Altius / hotspot2

Implementation of hotspot2 by Eric Rynes
16 stars 3 forks source link

BRM::computePandFlush() needs to always call BRM::computeStats(-1) #8

Closed erynes closed 8 years ago

erynes commented 8 years ago

Currently, when BackgroundRegionManager::computePandFlush() gets called, it checks to see if the estimated null region of the distribution has changed, and if so, it calls computeStats(-1). If the null region cutoff needs to be computed (!m_sliding) or recomputed (m_needToUpdate_kcutoff == true), then findCutoff() is called and then computeStats(-1) is called.

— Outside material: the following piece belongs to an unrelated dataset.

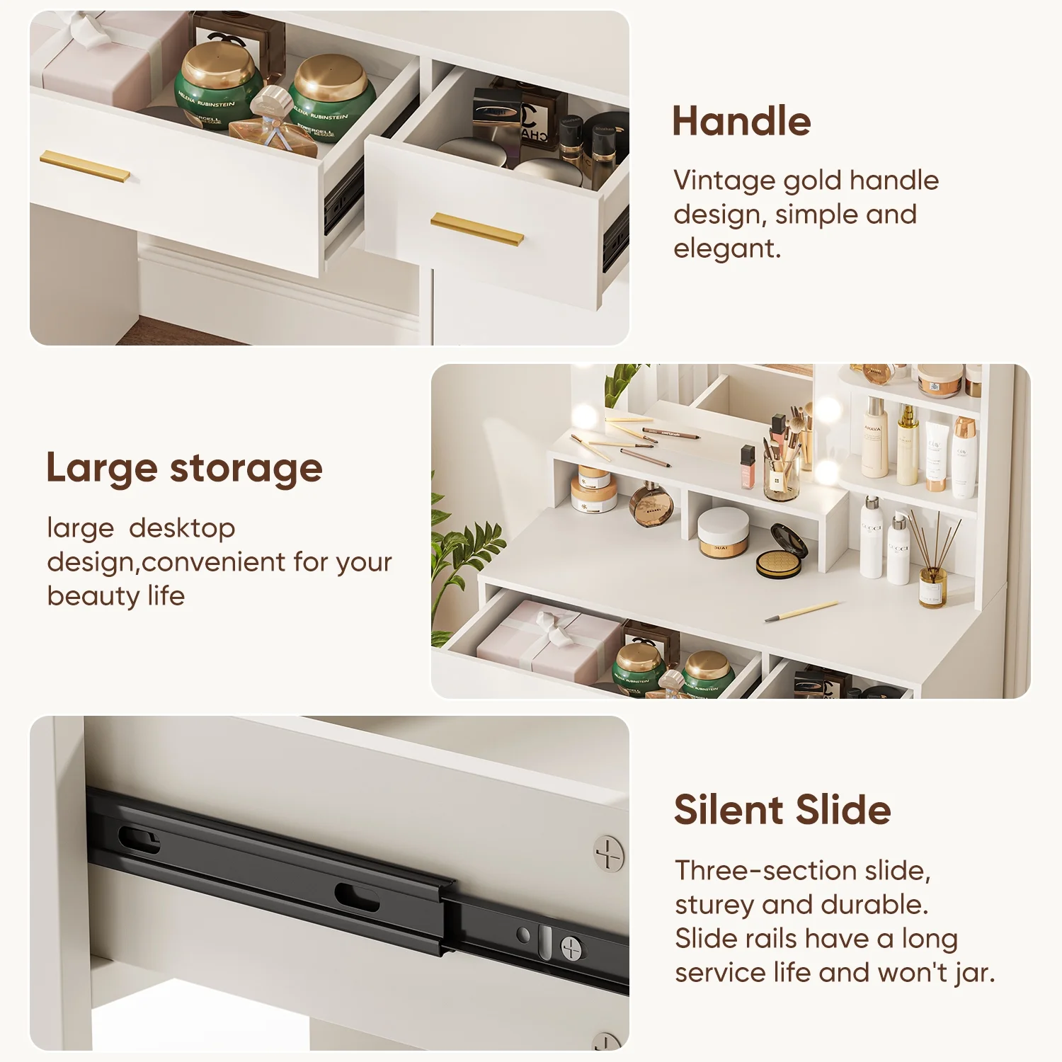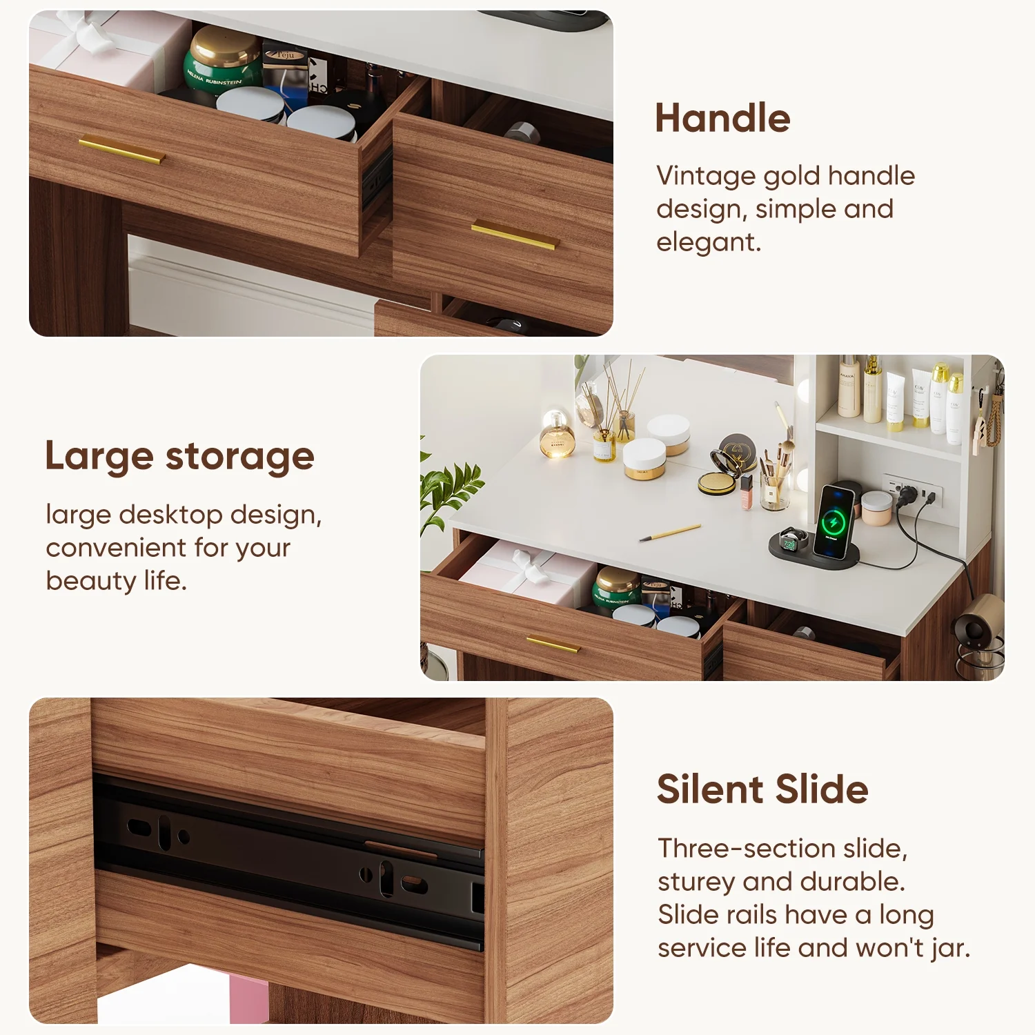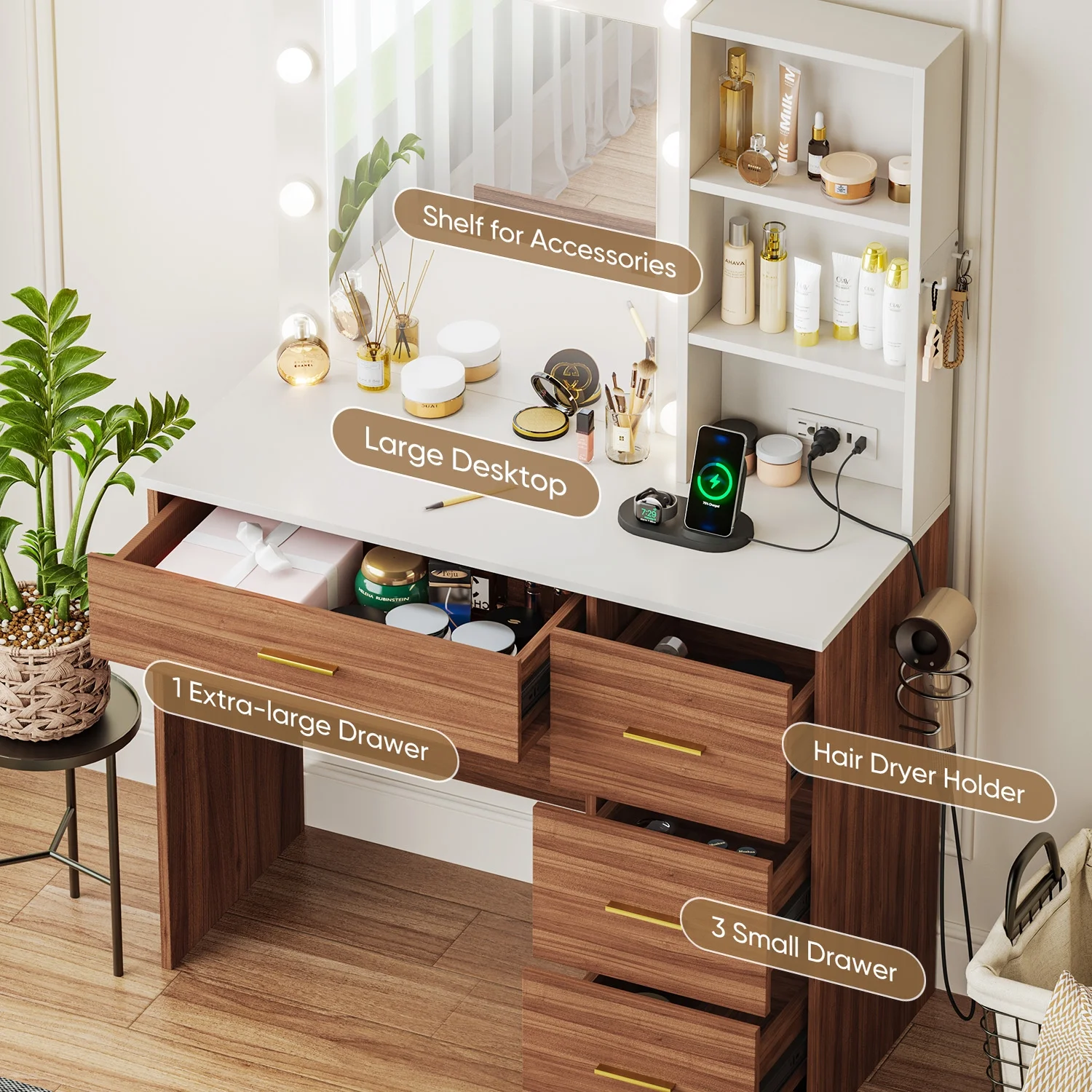 - 4 drawers and 2 open shelves for cosmetics and beauty tools.

The following run case was observed: A string of sites with count=7 exited the window to the left, while a string of sites with count=7 entered the window to the right, so that the distribution didn't change for a few bp, and then there was a huge gap (100k+ unmappable region on chr1). The gap caused computePandFlush() to be called, as it should have, but there were several high counts in the window that still needed P-values to be computed for them, and the fact that the distribution was "up to date" upon entry caused computePandFlush() to assume no further P-value calculations were needed for the window. This in turn caused P=-1 to be output for stretches of sites.

While there will be situations in which there's no need to call findCutoff() from computePandFlush(), I think we should always call computeStats(-1) from computePandFlush(), no matter what. In some cases it might be a bit of overkill, but only a bit, with a negligible cost to run time.

erynes commented 8 years ago

Closed via commit 78dd804d4005bc72f76650a0168a01fccb90f054.